Ambos têm um estilo autoral, artesanal, atemporal e genderless, a moda sem gênero que pode ser usada por homens e mulheres. Outra iniciativa sustentável é da Insecta Shoes, uma marca vegana que cria sapatos lindos a partir de blusas, vestidos, saias e outras peças de brechós.
Economia circular
Na alta costura, recentemente os holandeses Viktor & Rolf fizeram um belo exercício de upcycling na sua coleção de outono 2016 reaproveitando calças de coleções passadas e sobras de tecido da coleção de 1993 e 2015 que viraram jaquetas, saias, vestidos. E o resultado foi belíssimo.
O método de upcycling é o que mais se aproxima do ideal proposto pela economia circular onde nada se perde e tudo se reaproveita. Basicamente, a economia circular é um modelo econômico global que separa crescimento e desenvolvimento econômico do consumo de recursos finitos, concentrando-se em projetos eficazes que visam otimizar o fluxo do uso de materiais e aumentar o estoque de recursos naturais.
Esta filosofia está alinhada ao brechó The MIX Bazar, onde tecidos que seriam descartados pela indústria acabam assumindo novas formas como camisas, bolsas, clutches e jogos americanos. A nossa visita à estamparia têxtil deu ainda mais força às nossas ideias aplicadas no The MIX Bazar.
Resíduo zero
Pensar numa gestão de resíduo zero na moda ainda é muito novo, mas o caminho já começou a ser trilhado por estilistas independentes e empresas pioneiras que estão repensando o design, a produção e o consumo de fibras e tecidos. O design, inclusive, é um dos pontos mais importantes dessa cadeia, pois é o único processo criativo capaz de transformar o que seria lixo em algo com novo apelo, ou criar um produto que gere desperdício zero.
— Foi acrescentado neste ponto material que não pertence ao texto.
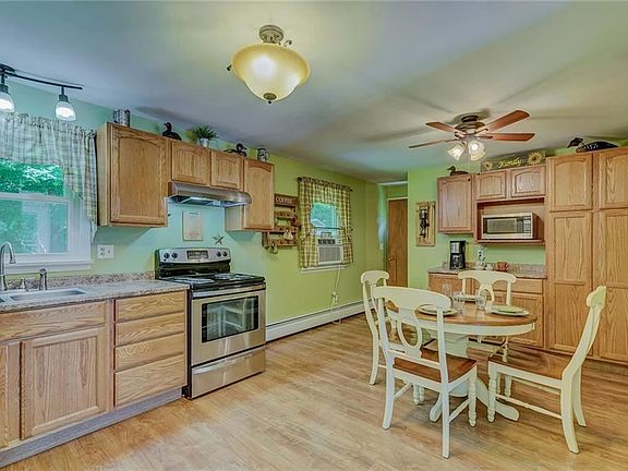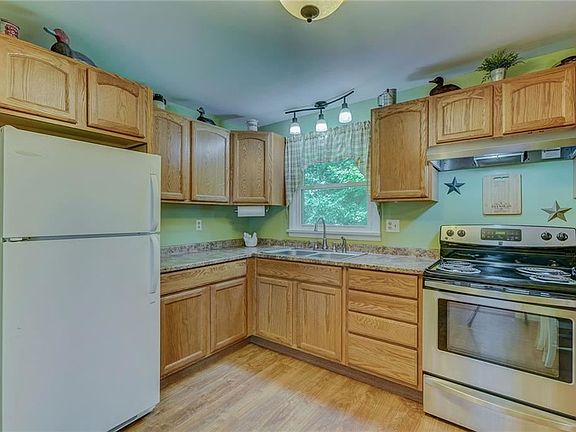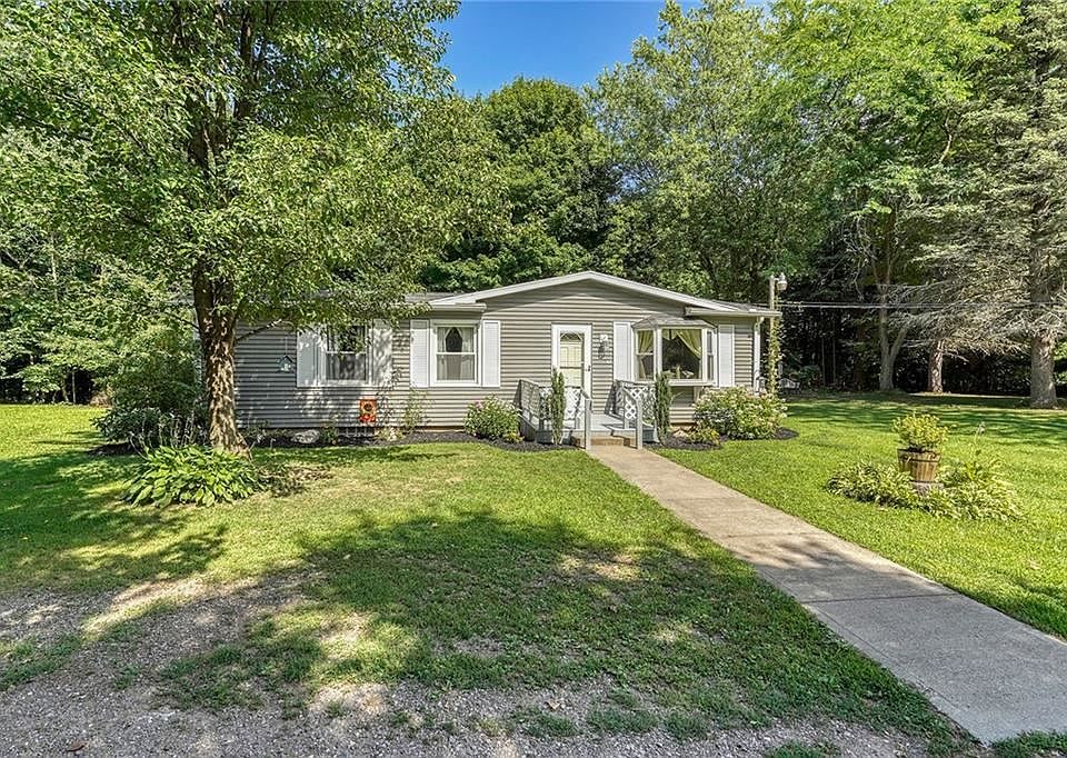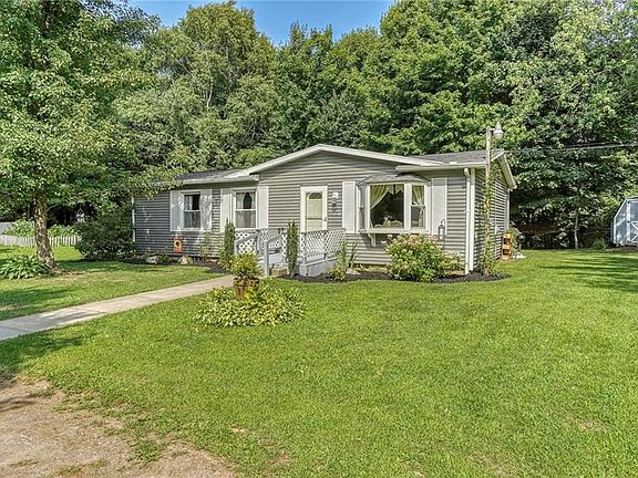 BEAUTIFULLY Updated COZY Ranch in a GENEROUS PRIVATE Setting Surrounded by Tall Towering Trees! Updated Eat-in OAK Kitchen w/Coffee Bar, Pantry, NEWER Laminate Floor & Lighting-PLENTY of Room for Preparation & Serving Meals! BAY-WINDOW LivingRm Adorned w/GORGEOUS NEW 3/4" OAK HARDWOOD Floor & Ceiling Fan/Light! All 3 Bedrooms have NEWER CARPET! LOVELY & STRIKING UPDATED Bath w/NEW Vanity w/GRANITE Top, NEW Toilet, Hardware, Fixtures, Lights, PORCELAIN Floor! WALK-OUT Bilco Door Basement w/Some BLOCK Windows! Other UPDATES Incl: FRESHLY Painted Interior*NEWER Windows*ROOF 5 Years*FURNACE 2020*H2O Heater 2020*Some Interior&Exterior LIGHTING*Remodeled Basement Stairway! CONVENIENT Garden Shed & Awesome Swing Set! ENJOY Evenings Gathered Around the Rear-Yard FIREPIT! CIRCULAR Driveway! PUBLIC WATER at Road! WELCOME HOME!

Paul Hawken escreve no prólogo do livro Moda & Sustentabilidade de Kate Fletcher e Lynda Grose que ”A sustentabilidade é o precursor de mais diversidade e escolha, e não menos”. Então, vamos nos aproveitar dessa máxima! E se ao final somos todos consumidores, então, que sejamos consumidores mais arrojados e sustentáveis!
Parabéns Fabiana e Marcela. Parabéns pela iniciativa. Muito talento reunido.
Oi Cibele, obrigada ! Sinta-se convidada para nos visitar e conhecer o nosso trabalho de perto. Olha que delícia ! Bjs
Maravilhoso o artigo! Uma delícia de ler. Entendi um pouco mais minha alma agora: já nasci com alma que aprecia o upcycling, apenas não sabia que tinha esse nome 🙂 Um beijo e sucesso contínuo a essas irmãs de talento e amorosidade ímpares!
O reaproveitamento de materiais/resíduos não é exatamente algo novo. Muitas artesãs já fazem isso há longa data e com muita criatividade. A novidade aqui é incorporar esse conceito (upcycling) na Economia Circular para fazer melhor uso dos recursos naturais e trazer elementos do Desing para criar produtos de maior valor, uso e qualidade. Enfim, trazer esse processo para a cadeia da Economia Criativa, um modelo de negócio que está formatado para ser a economia do futuro. Que legal que você curtiu o artigo e que já tem isso na sua alma!!! Beijo pra você!